RBRM - RepBase RepeatMasker Edition - version 20181026
Total consensus sequences: 51780
Total HMMs: 6915
.
Building FASTA version of RepeatMasker.lib .......................
Building RMBlast frozen libraries..
The program is installed with a the following repeat libraries:
File: /opt/gensoft/src/RepeatMasker/RepeatMasker_full-4.1.2-p1/Libraries/RepeatMaskerLib.h5
Database: Dfam withRBRM
Version: 3.3
Date: 2020-11-09
Dfam - A database of transposable element (TE) sequence alignments and HMMs.

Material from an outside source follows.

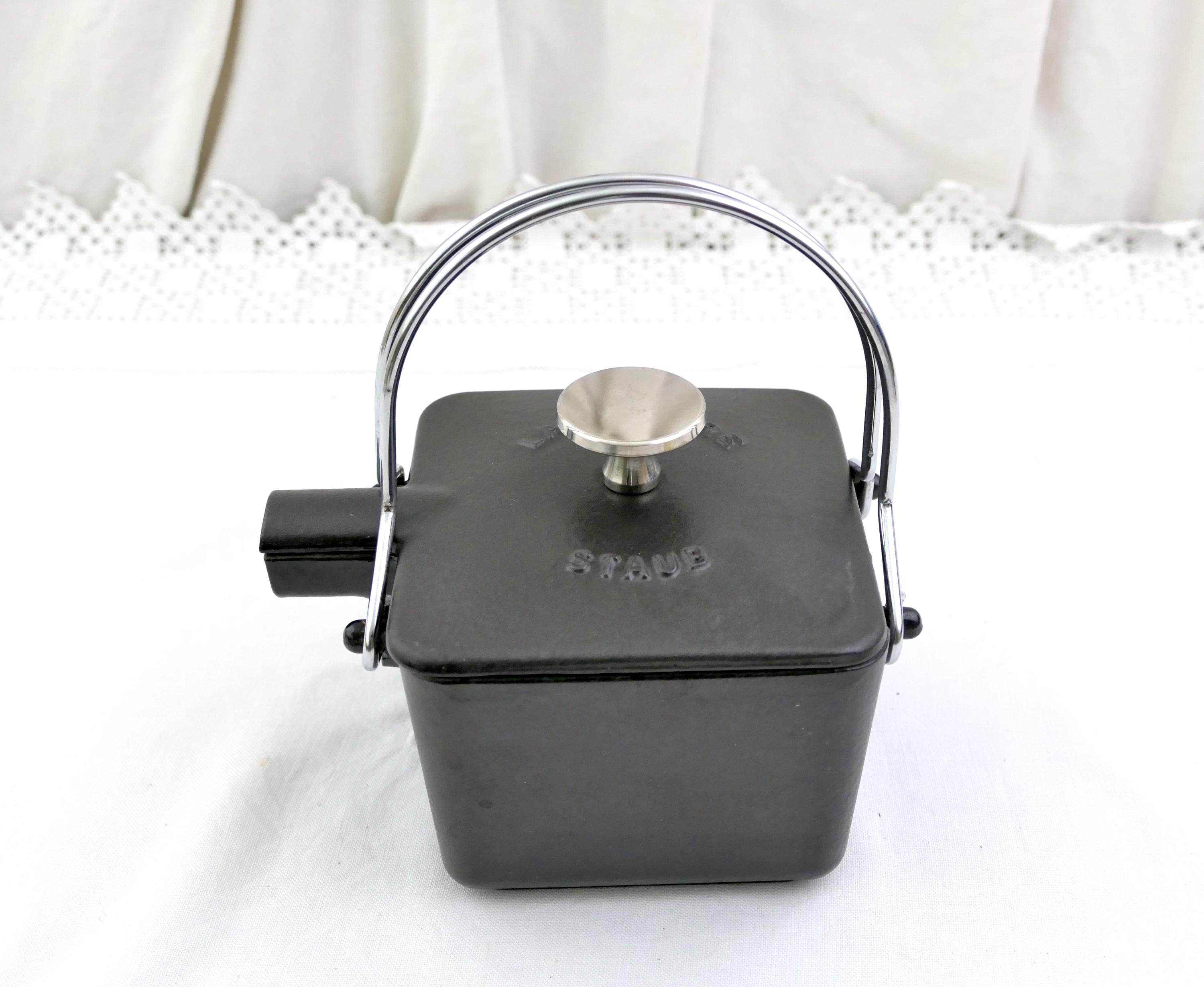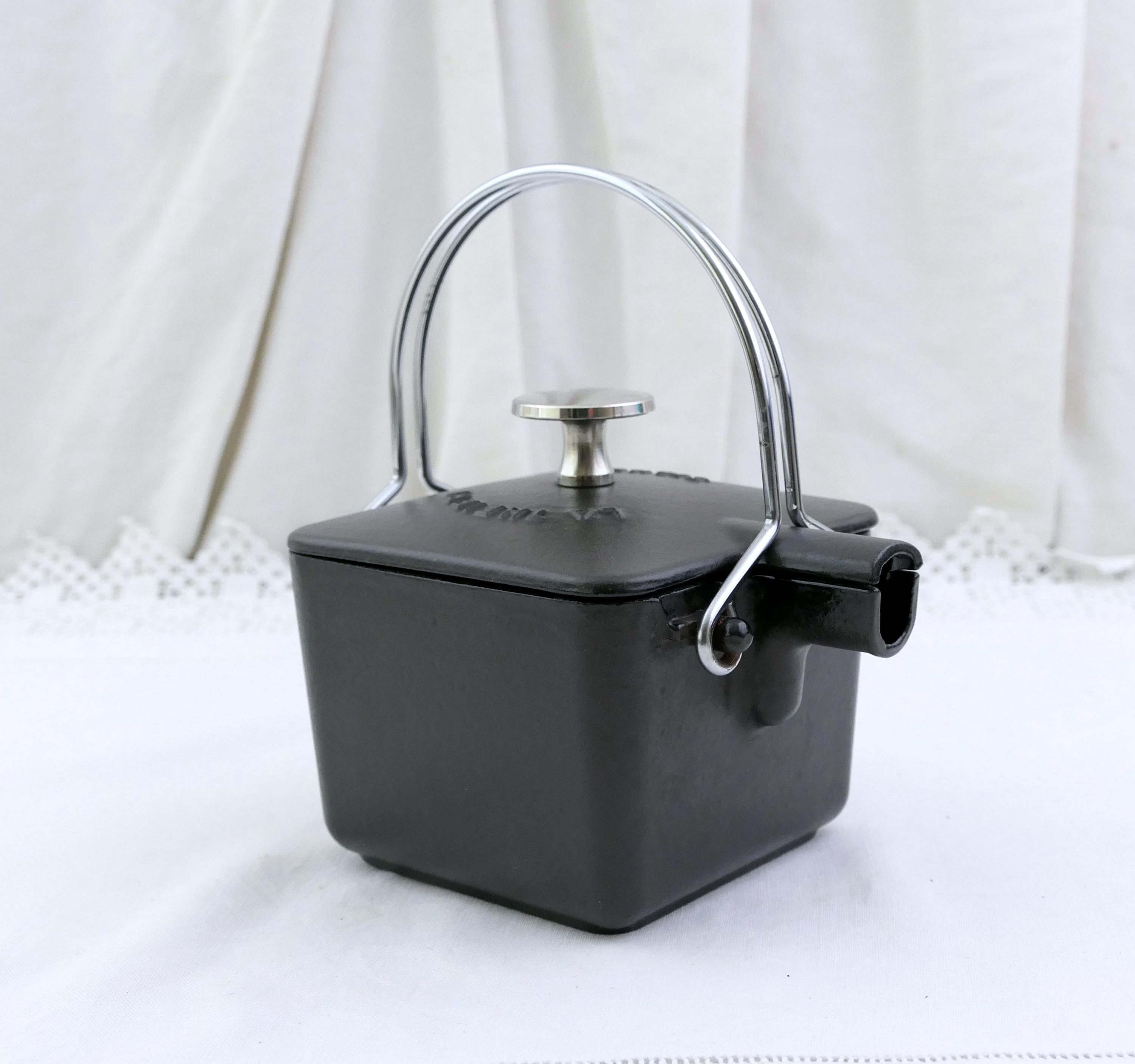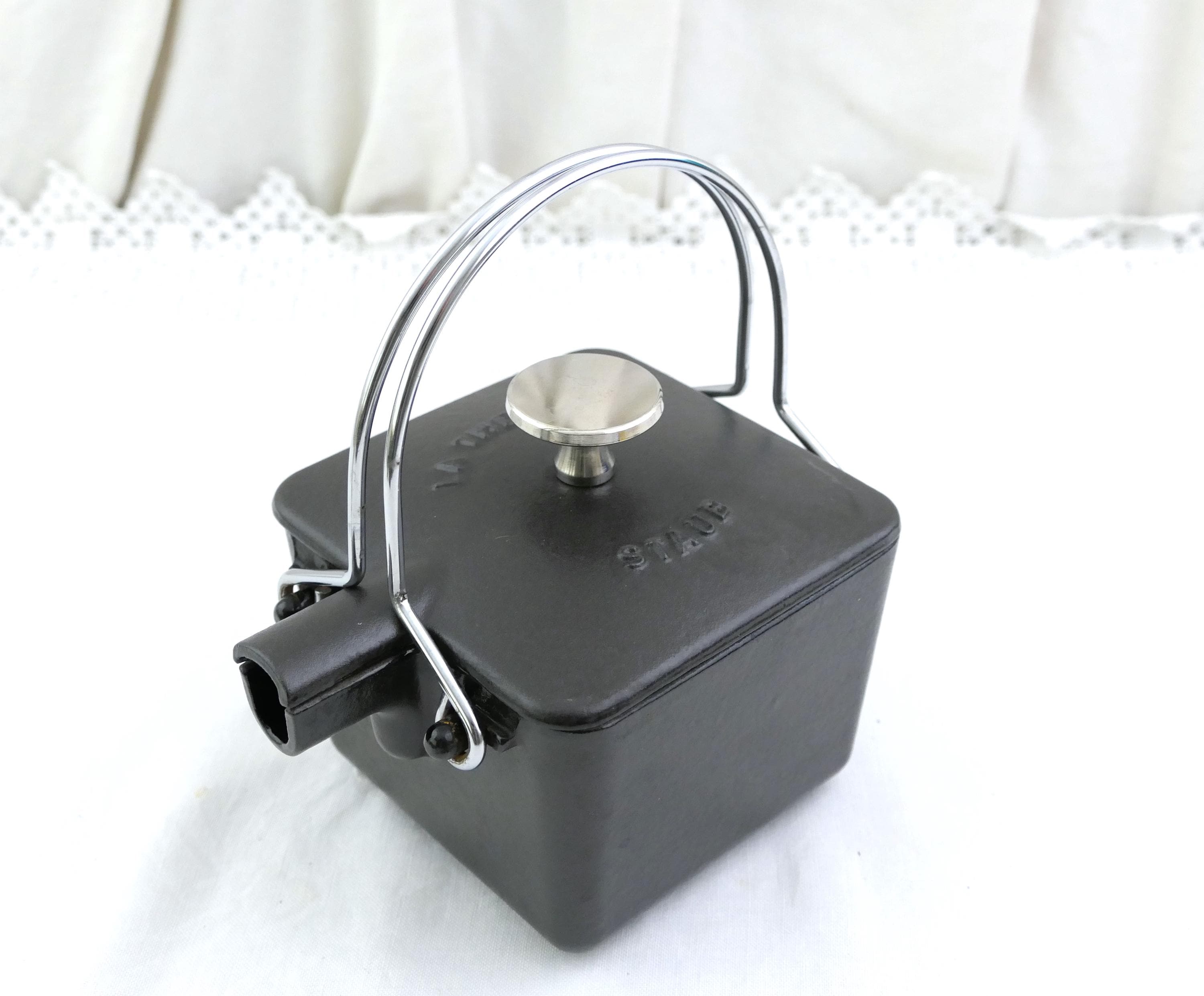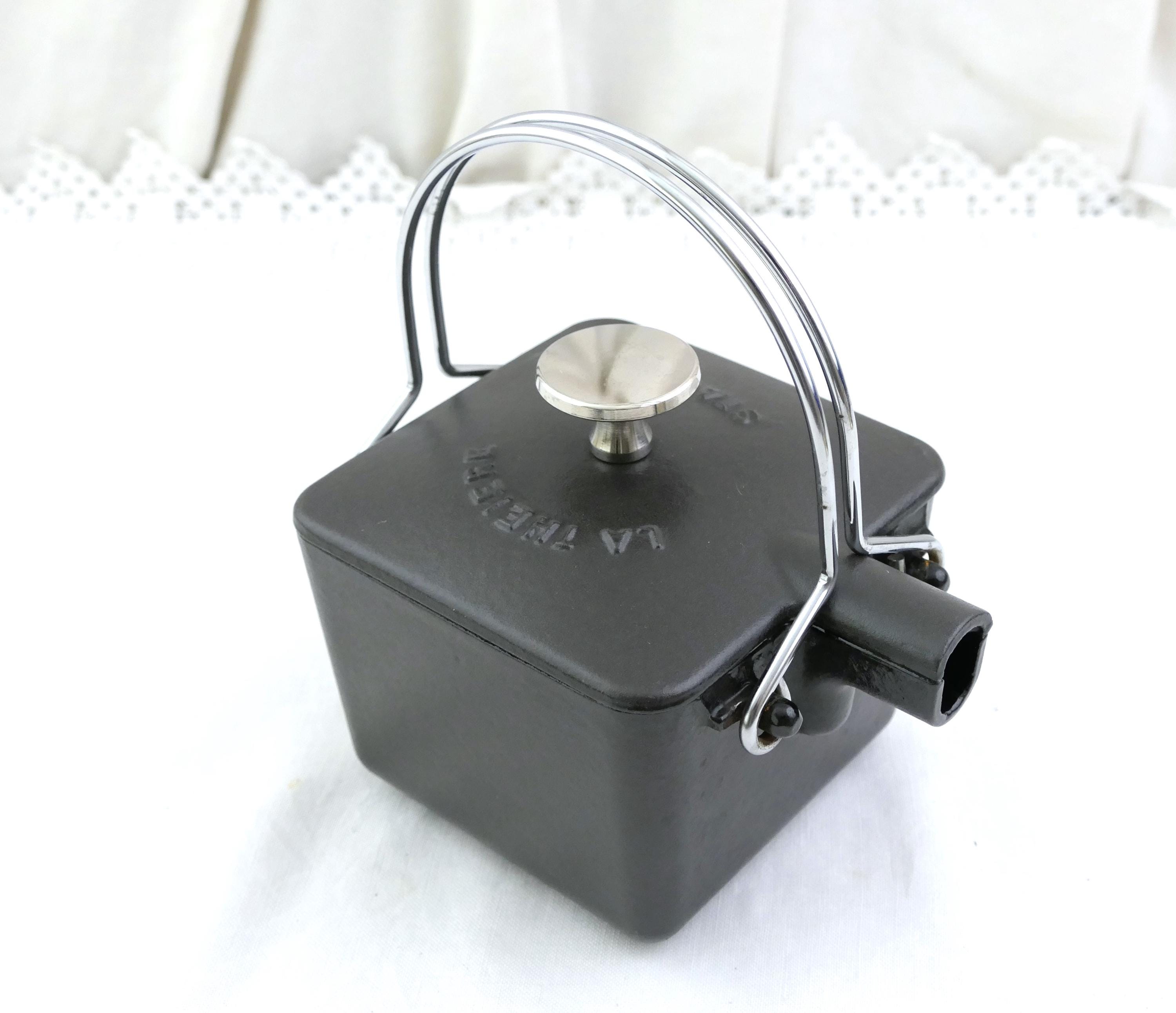 Vintage French black square teapot. Made in France by Staub of black enameled cast iron. Ca late 1900s.

RBRM - RepBase RepeatMasker Edition - version 20181026
Total consensus sequences: 51780
Total HMMs: 6915
Further documentation on the program may be found here:
/opt/gensoft/src/RepeatMasker/RepeatMasker_full-4.1.2-p1/repeatmasker.help
BUT !
ls Libraries/
Artefacts.embl RMRBSeqs.embl RepeatMasker.lib.nsq RepeatPeps.lib.pin
Dfam.embl RepeatAnnotationData.pm RepeatMasker.lib.ntf RepeatPeps.lib.pot
Dfam.h5 RepeatMasker.lib RepeatMasker.lib.nto RepeatPeps.lib.psq
README.RMRBSeqs RepeatMasker.lib.ndb RepeatMaskerLib.h5 RepeatPeps.lib.ptf
README.meta RepeatMasker.lib.nhr RepeatPeps.lib RepeatPeps.lib.pto
RMRB.embl RepeatMasker.lib.nin RepeatPeps.lib.pdb RepeatPeps.readme
RMRBMeta.embl RepeatMasker.lib.not RepeatPeps.lib.phr taxonomy.dat
and
./DateRepeats
Indicate directory with the RepeatMasker repeat libraries near line 135 of ./DateRepeats
no RepeatMasker.embl required by DateRepeats
Environment (please include as much of the following information as you can find out):
perl: 5.30.1
Python: version 3.8.1 (hdf5py 3.6.0)
rmblastn: version 2.10.0
phrap: version 1.090518
hmmer: version 3.2.1
trf: version 4.09
-
How did you install RepeatMasker? manual installation from repeatmasker.org from tar.gz archive
-
Which version of RepeatMasker do you have?
./RepeatMasker -v
RepeatMasker version 4.1.2-p1
- Operating system and version. The output of
uname -aandlsb_release -acan be used to find this.
uname -a
Linux 1b305326d2fe 4.18.0-240.22.1.el8_3.x86_64 #1 SMP Thu Apr 8 19:01:30 UTC 2021 x86_64 x86_64 x86_64 GNU/Linux
Additional context version 4.1.0 previously installed works as expected.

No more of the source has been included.